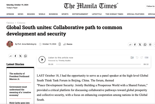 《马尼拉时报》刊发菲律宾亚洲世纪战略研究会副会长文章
■ ■ ■ ■ ■
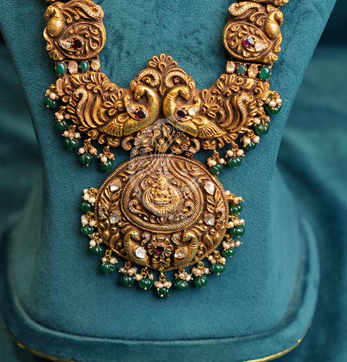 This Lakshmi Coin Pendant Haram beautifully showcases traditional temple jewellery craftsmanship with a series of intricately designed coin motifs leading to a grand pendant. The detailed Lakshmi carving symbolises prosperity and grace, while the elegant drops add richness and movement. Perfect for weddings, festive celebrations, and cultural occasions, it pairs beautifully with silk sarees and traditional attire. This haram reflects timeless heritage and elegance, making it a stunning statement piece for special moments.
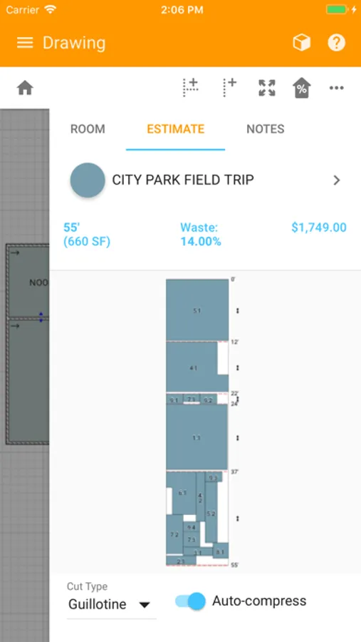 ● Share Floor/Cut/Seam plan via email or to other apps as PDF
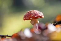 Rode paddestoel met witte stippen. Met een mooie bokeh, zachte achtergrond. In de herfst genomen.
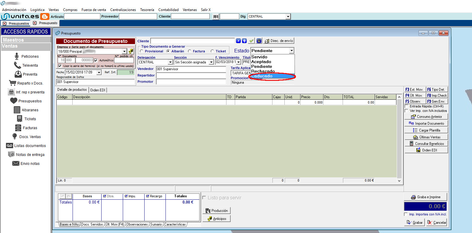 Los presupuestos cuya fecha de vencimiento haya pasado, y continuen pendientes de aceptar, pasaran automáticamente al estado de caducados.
■ ■ ■ ■ ■
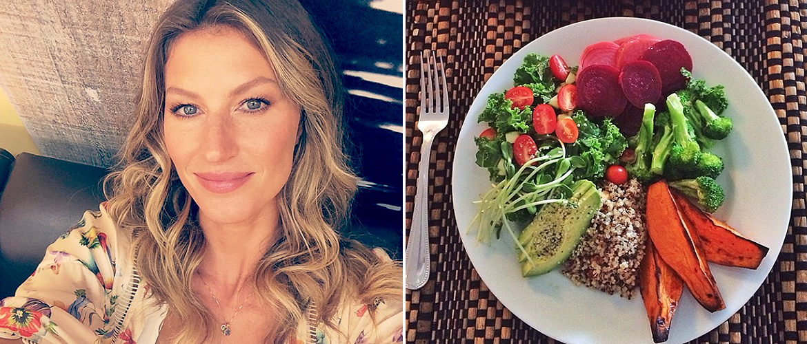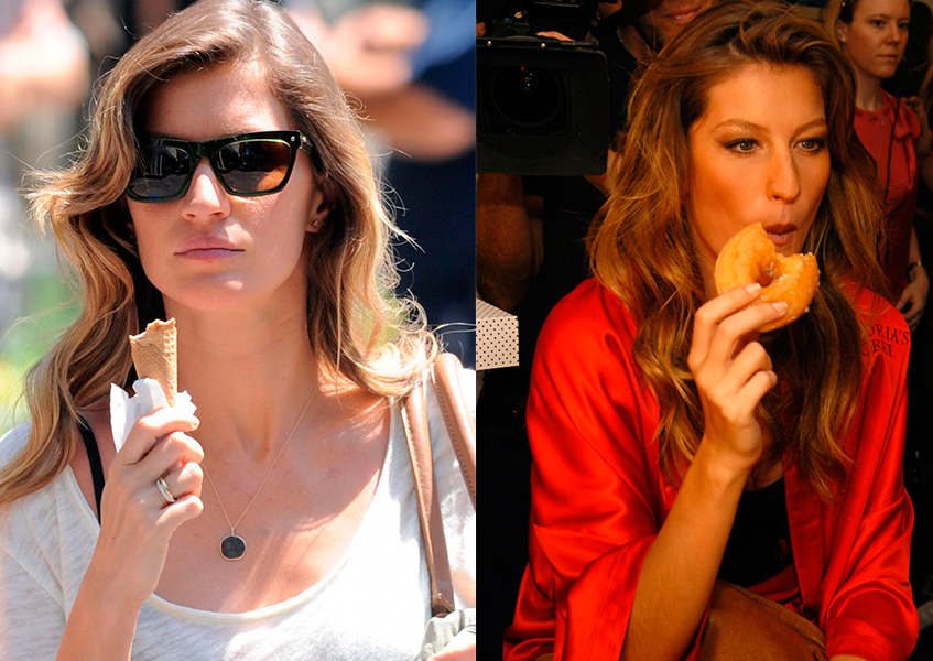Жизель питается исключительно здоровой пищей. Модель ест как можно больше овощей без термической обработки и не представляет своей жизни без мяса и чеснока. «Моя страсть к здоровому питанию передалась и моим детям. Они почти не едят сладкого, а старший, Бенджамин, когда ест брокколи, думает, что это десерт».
■ ■ ■ ■ ■
Beginning with the line that contains "Rode paddestoel met", write out the lines of the material above exactly, and end with the line that contains "Los presupuestos cuya". Omit the pictures.

 Rode paddestoel met witte stippen. Met een mooie bokeh, zachte achtergrond. In de herfst genomen.
 Los presupuestos cuya fecha de vencimiento haya pasado, y continuen pendientes de aceptar, pasaran automáticamente al estado de caducados.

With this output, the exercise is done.